## Provided records:
——
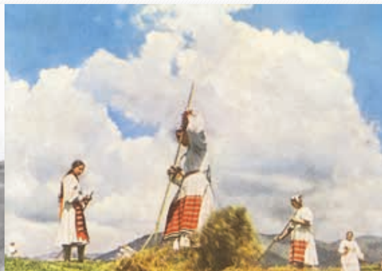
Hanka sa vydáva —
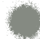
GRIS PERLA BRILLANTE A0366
——
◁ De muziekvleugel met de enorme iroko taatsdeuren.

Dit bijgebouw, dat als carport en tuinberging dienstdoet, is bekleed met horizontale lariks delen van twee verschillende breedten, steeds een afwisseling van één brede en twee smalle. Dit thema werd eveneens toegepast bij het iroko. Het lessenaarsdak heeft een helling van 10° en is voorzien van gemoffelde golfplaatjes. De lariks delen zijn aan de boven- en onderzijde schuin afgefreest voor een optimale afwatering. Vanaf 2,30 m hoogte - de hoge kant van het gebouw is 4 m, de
——
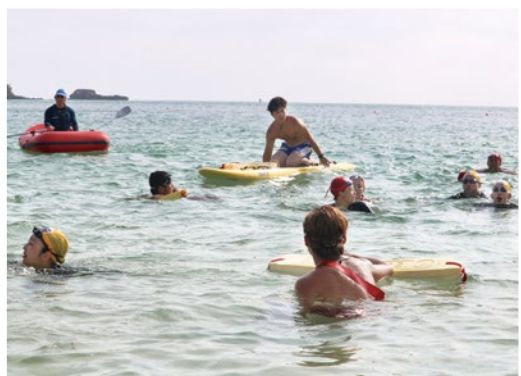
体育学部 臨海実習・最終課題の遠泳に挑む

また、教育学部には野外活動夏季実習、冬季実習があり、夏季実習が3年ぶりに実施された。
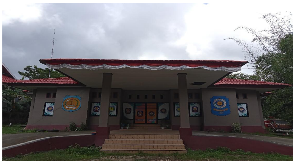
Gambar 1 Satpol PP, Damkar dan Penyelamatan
——
## Description of the task:
Copy word for word the lines of the records above from the one with "また、教育学部には野外活動夏" up to and including the one with "Gambar 1 Satpol PP, Damkar dan Penyelamatan". Skip the pictures.

## Exercise response:
また、教育学部には野外活動夏季実習、冬季実習があり、夏季実習が3年ぶりに実施された。
Gambar 1 Satpol PP, Damkar dan Penyelamatan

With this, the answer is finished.